Use Liouvilles theorem and the fundamental theorem of calculus to prove that for an entire function $f$, if there exists $M \in \mathbb R: Re(f(z)) \leq M$ $ \forall z \in \mathbb C $,
then $f$ is identically constant on all of $\mathbb C$
My solution:
Consider an auxiliary function $ g(z)= e ^{f(z)} $, where $f(z)= u(x,y)+iv(x,y)$ so we have
$g(z)=e^{u(x,y)+iv(x,y)}$ where $e^{iv(x,y)}=1$ as it is a unit circle and $e^{u(x,y)}\geq e^M$
Using Liouville g'(z)=0 and is constant $\implies$ g is bounded, and hence f is bounded since $f=e^g$
$\implies$ f is identically constant on all of $\mathbb C$
Could someone please tell me if my solution is correct or not and if not, where have I gone wrong?
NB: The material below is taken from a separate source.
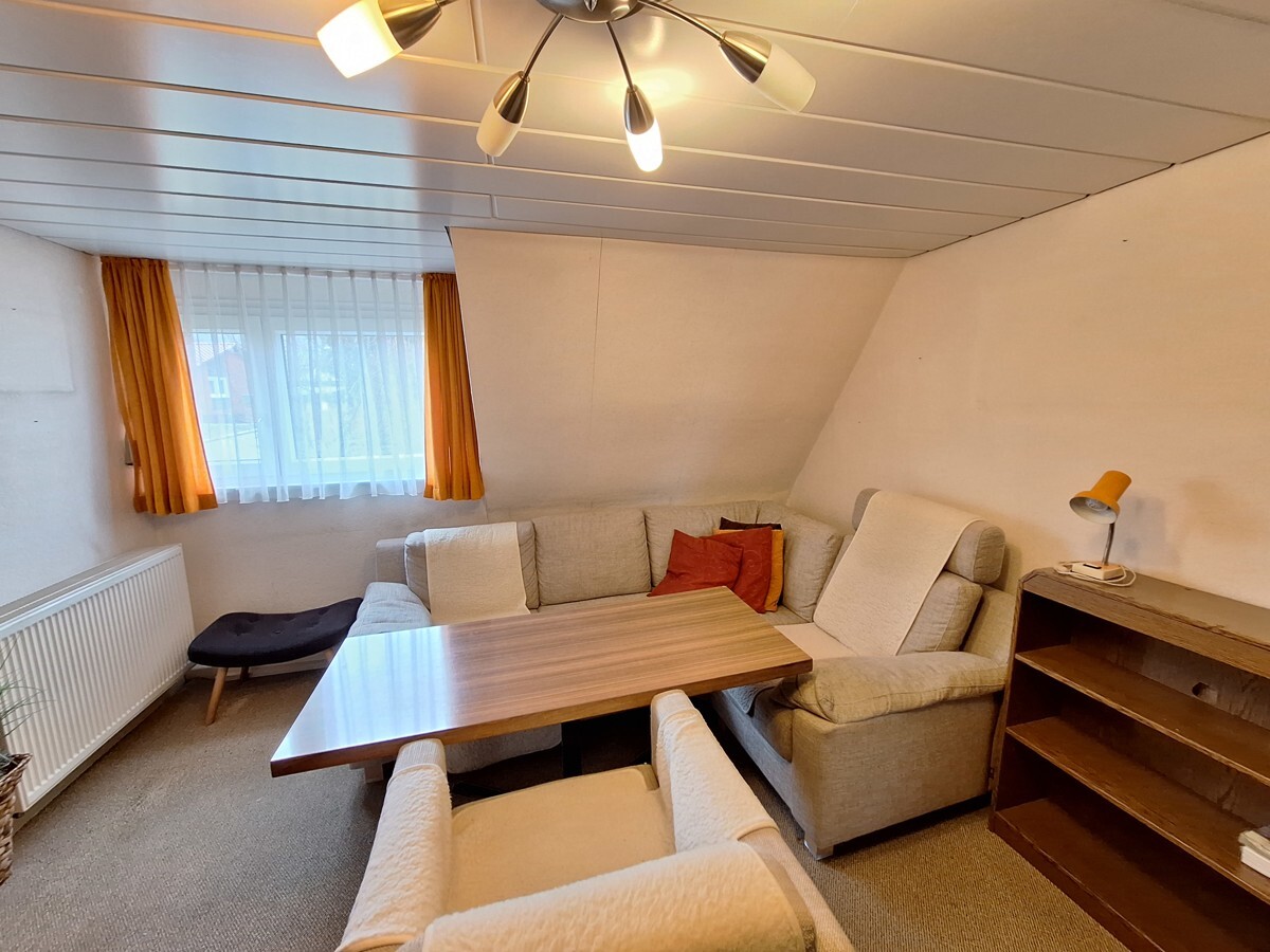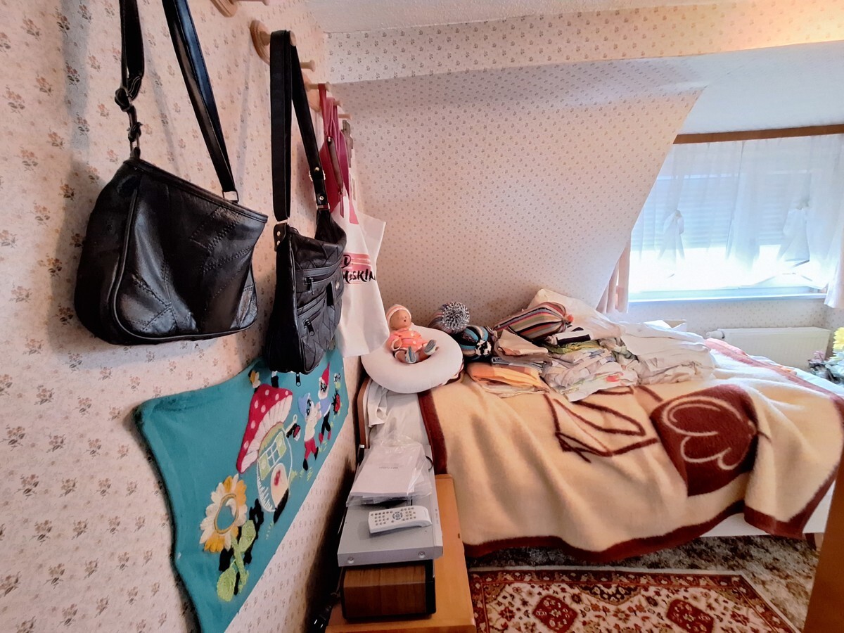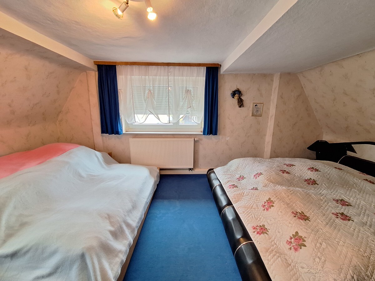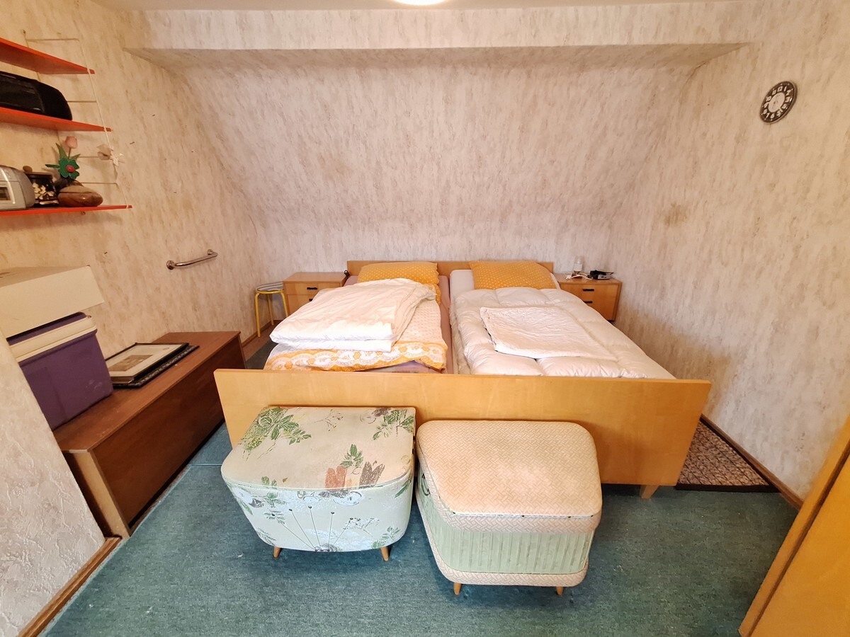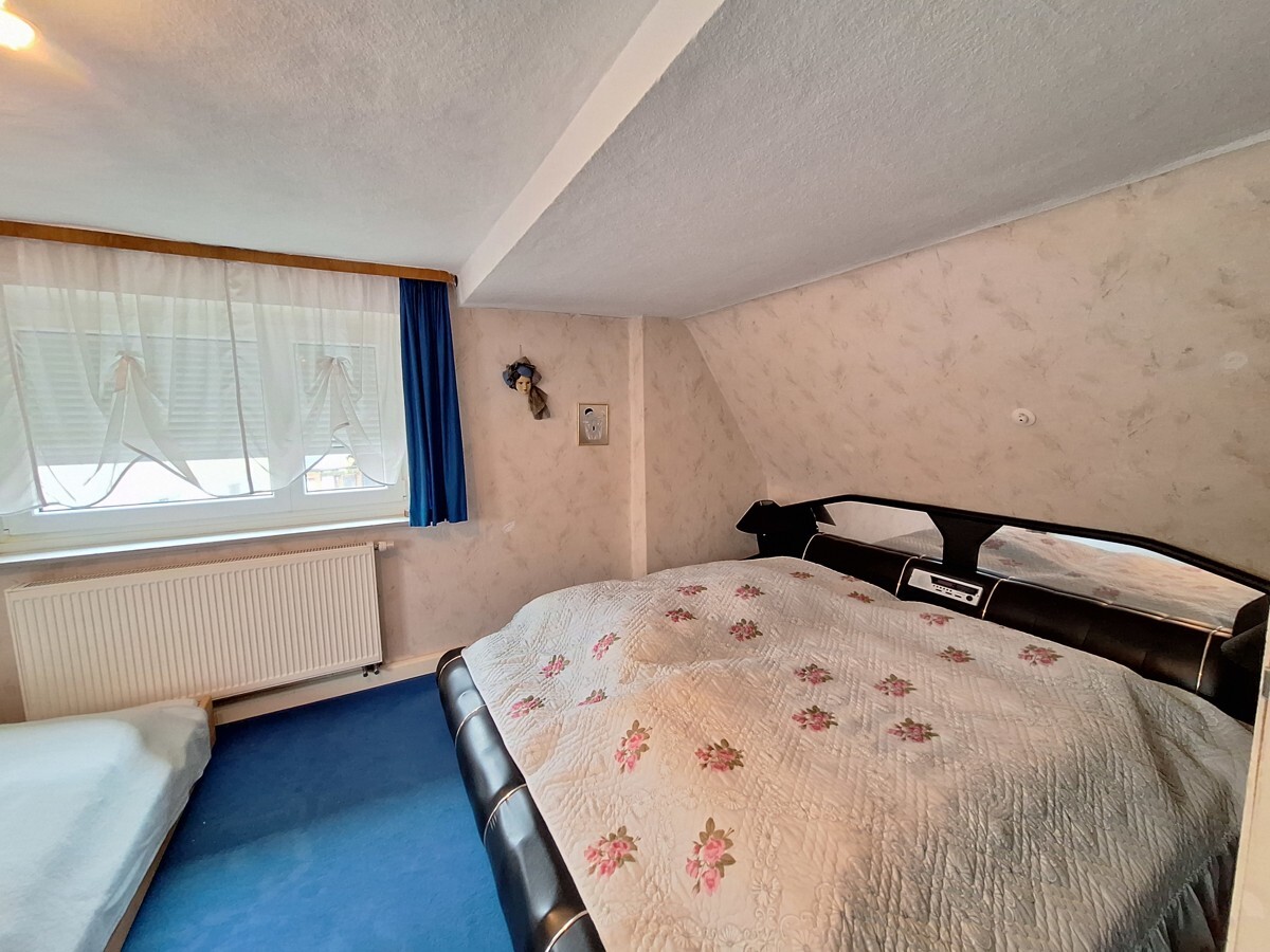 Im Dachgeschoss befinden sich drei weitere Zimmer. Ein großes Elternschlafzimmer (ca. 16,4 m²), ein Wohnzimmer (ca. 14,0 m²), worüber ein weiteres Schlafzimmer erreichbar ist mit ca. 14,8 m². Zusätzlich gibt es noch ein Arbeits-, Gäste- oder Kinderzimmer mit fast 6,0 m². Die Deckenhöhe im DG liegt bei etwa 2,00 m

Help much appreciated. Many thanks
This is basically on the right lines though the way you've written it, there are a few mistakes.
Yeah, let $g(z) = e^{f(x)}$, then as $f$ is holomorphic on $\mathbb{C}$ so is $g$.
Then $||g(z)|| = ||e^{f(z)}|| = ||e^{Re(f(z))}|| \leqslant e^M $ which is finite.
So $g$ is holomorphic and bounded on $\mathbb{C}$, so by Liouville's theorem, $g(z)$ is a constant, say $\alpha$. We note $\alpha$ cannot be zero.
So then $f(z) = $log$(g(z)) = $log$(\alpha) = $ constant, as even though log is multivalued on $\mathbb{C}$, we are given that $f$ is holomorphic so $f$ cannot take values $2\pi i$ away from each other only.
As an easy (hopefully) exercise you might like to now prove the same result for a holomorphic function with bounded imaginary part.